◆ ASSIGNMENT ◆
Apart from the pictures, everything in the lines below must be printed exactly.

◆ DATASET SECTION ◆
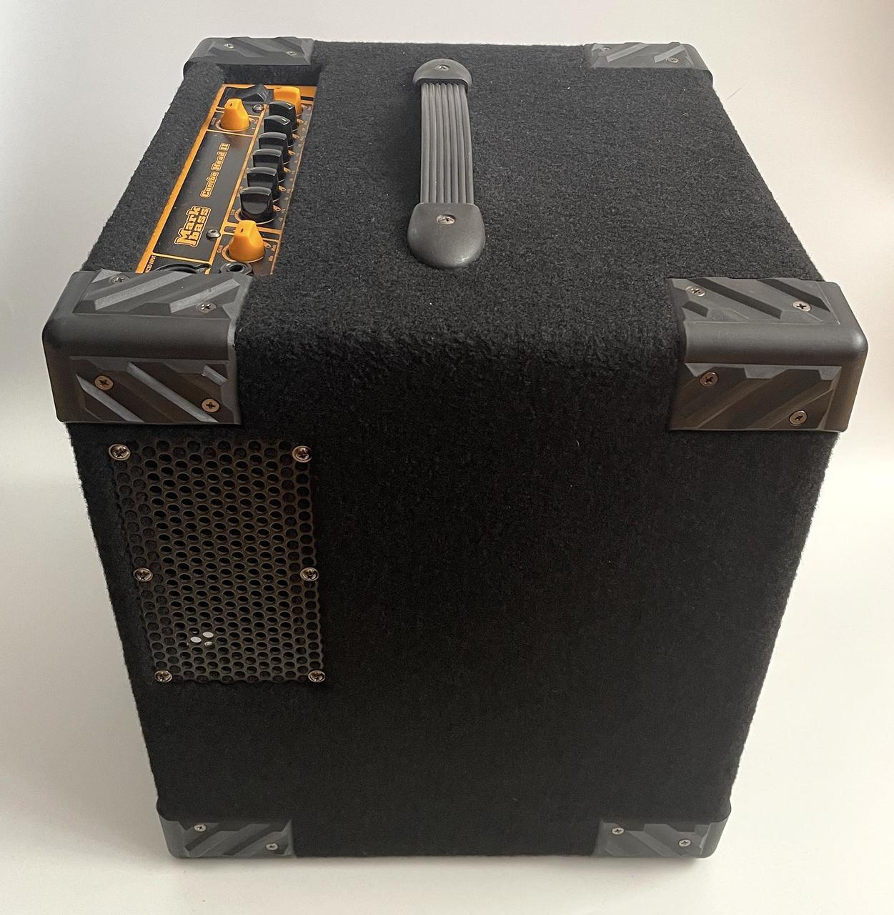 Malé a lehounké kombo pro baskytaru i kontrabas, s vysokým výkonem 300 W, s externím boxem 500 W! Repro 12" + piezoo tweeter. SPL 99 dB. Rozměry: 38x42,5x36 cm, 12 kg. Ke kombu je original silně polstrovaný obal. Kombo je po preventivní servisní prohlídce, nový ventilátor (starý je v pořádku a přidám jako náhradní). Ovládání: GAIN + LED kontrolka clippingu, korekce basy-nízké středy-vysoké středy-výšky, VLE knob pro simulaci "vintage" zvuku, VPF knob - filtr vytvářející klasické „véčko“ jako EQ, MASTER knob pro celkovou hlasitost. Výstup pro ladičku, vstup a výstup efektové smyčky, řazení ekvalizace PRE-EQ/POST-EQ, omezovač šumu GROUND LIFT a XLR LINE OUT s regulací síly výstupu.
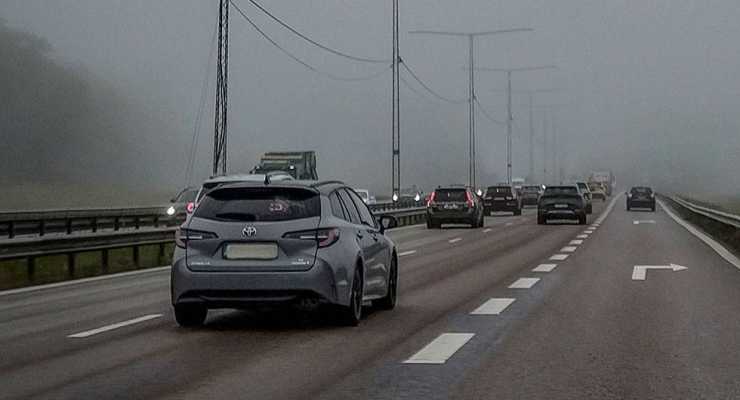 En ögonblicksbild från verkligheten där flera bilar har släckta bakljus trots gryningstid och nedsatt sikt.
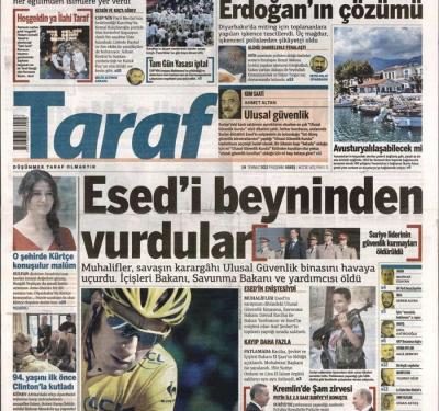 » Χτύπησαν τον Άσαντ στον εγκέφαλο» είναι ο τίτλος της εφημερίδας Taraf. H ίδια εφημερίδα γράφει «η αντιπολίτευση χτύπησε το στρατηγείο των στρατηγών του ΄Ασαντ.Σκοτώθηκαν ο Υπουργός Άμυνας, Εσωτερικών και ο βοηθός τους»

◆ ANSWER TO THIS TASK ◆
 Malé a lehounké kombo pro baskytaru i kontrabas, s vysokým výkonem 300 W, s externím boxem 500 W! Repro 12" + piezoo tweeter. SPL 99 dB. Rozměry: 38x42,5x36 cm, 12 kg. Ke kombu je original silně polstrovaný obal. Kombo je po preventivní servisní prohlídce, nový ventilátor (starý je v pořádku a přidám jako náhradní). Ovládání: GAIN + LED kontrolka clippingu, korekce basy-nízké středy-vysoké středy-výšky, VLE knob pro simulaci "vintage" zvuku, VPF knob - filtr vytvářející klasické „véčko“ jako EQ, MASTER knob pro celkovou hlasitost. Výstup pro ladičku, vstup a výstup efektové smyčky, řazení ekvalizace PRE-EQ/POST-EQ, omezovač šumu GROUND LIFT a XLR LINE OUT s regulací síly výstupu.
 En ögonblicksbild från verkligheten där flera bilar har släckta bakljus trots gryningstid och nedsatt sikt.
 » Χτύπησαν τον Άσαντ στον εγκέφαλο» είναι ο τίτλος της εφημερίδας Taraf. H ίδια εφημερίδα γράφει «η αντιπολίτευση χτύπησε το στρατηγείο των στρατηγών του ΄Ασαντ.Σκοτώθηκαν ο Υπουργός Άμυνας, Εσωτερικών και ο βοηθός τους»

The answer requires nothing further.